--- START ---
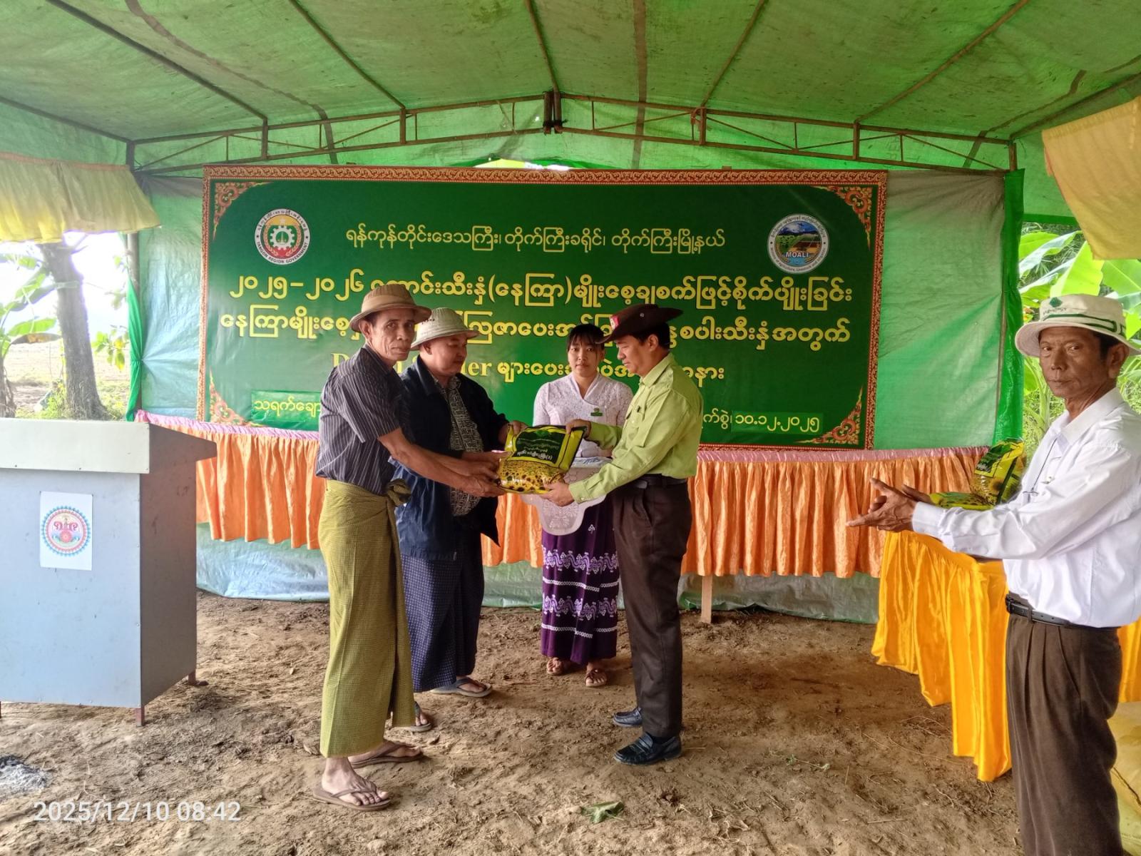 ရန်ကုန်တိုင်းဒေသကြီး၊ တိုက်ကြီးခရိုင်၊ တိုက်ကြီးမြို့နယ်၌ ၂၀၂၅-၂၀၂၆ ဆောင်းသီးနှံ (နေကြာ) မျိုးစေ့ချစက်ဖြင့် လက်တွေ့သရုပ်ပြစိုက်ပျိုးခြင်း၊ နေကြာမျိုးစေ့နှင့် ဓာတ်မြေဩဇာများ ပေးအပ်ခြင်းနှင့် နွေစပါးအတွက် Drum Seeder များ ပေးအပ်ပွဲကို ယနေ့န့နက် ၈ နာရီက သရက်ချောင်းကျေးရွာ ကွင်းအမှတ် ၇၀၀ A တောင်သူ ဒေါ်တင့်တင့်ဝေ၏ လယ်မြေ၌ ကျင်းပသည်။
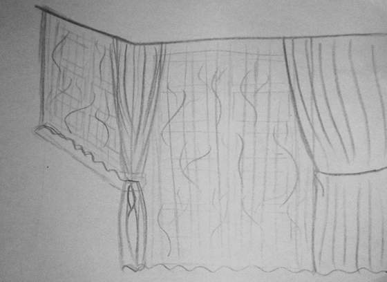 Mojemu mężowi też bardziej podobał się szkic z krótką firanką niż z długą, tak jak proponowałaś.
--- END ---
--- START ---
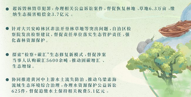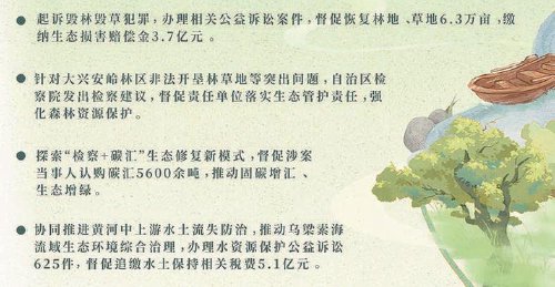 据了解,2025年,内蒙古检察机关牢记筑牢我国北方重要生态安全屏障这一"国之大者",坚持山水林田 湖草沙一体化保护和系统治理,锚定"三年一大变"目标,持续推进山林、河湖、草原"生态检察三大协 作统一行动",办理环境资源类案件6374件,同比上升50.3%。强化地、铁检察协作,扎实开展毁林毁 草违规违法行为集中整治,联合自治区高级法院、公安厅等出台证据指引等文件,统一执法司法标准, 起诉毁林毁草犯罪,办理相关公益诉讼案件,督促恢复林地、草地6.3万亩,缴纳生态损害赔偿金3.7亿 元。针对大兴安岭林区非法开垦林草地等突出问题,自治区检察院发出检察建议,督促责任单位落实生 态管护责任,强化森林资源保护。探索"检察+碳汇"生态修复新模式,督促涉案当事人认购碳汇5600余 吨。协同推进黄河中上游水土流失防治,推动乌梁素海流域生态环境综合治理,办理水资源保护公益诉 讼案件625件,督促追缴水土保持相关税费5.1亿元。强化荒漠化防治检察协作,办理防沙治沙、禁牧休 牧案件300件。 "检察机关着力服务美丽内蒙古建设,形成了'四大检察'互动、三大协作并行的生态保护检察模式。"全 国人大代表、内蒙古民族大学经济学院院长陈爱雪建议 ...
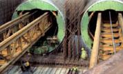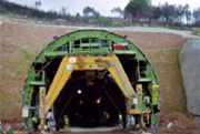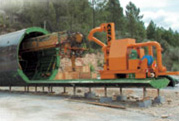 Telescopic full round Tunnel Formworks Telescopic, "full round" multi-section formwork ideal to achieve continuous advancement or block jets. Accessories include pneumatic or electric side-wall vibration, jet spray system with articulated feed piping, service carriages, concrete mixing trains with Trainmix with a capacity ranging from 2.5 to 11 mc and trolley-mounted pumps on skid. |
--- END ---
__What is required__:
When you reach the line with "ရန်ကုန်တိုင်းဒေသကြီး၊ တိုက်ကြီးခရိုင်၊ တိုက်ကြီးမြို့နယ်၌" in the records above, begin repeating the lines exactly, and stop after the line with "Mojemu mężowi też". Skip all pictures.

__Solution for this task__:
 ရန်ကုန်တိုင်းဒေသကြီး၊ တိုက်ကြီးခရိုင်၊ တိုက်ကြီးမြို့နယ်၌ ၂၀၂၅-၂၀၂၆ ဆောင်းသီးနှံ (နေကြာ) မျိုးစေ့ချစက်ဖြင့် လက်တွေ့သရုပ်ပြစိုက်ပျိုးခြင်း၊ နေကြာမျိုးစေ့နှင့် ဓာတ်မြေဩဇာများ ပေးအပ်ခြင်းနှင့် နွေစပါးအတွက် Drum Seeder များ ပေးအပ်ပွဲကို ယနေ့န့နက် ၈ နာရီက သရက်ချောင်းကျေးရွာ ကွင်းအမှတ် ၇၀၀ A တောင်သူ ဒေါ်တင့်တင့်ဝေ၏ လယ်မြေ၌ ကျင်းပသည်။
 Mojemu mężowi też bardziej podobał się szkic z krótką firanką niż z długą, tak jak proponowałaś.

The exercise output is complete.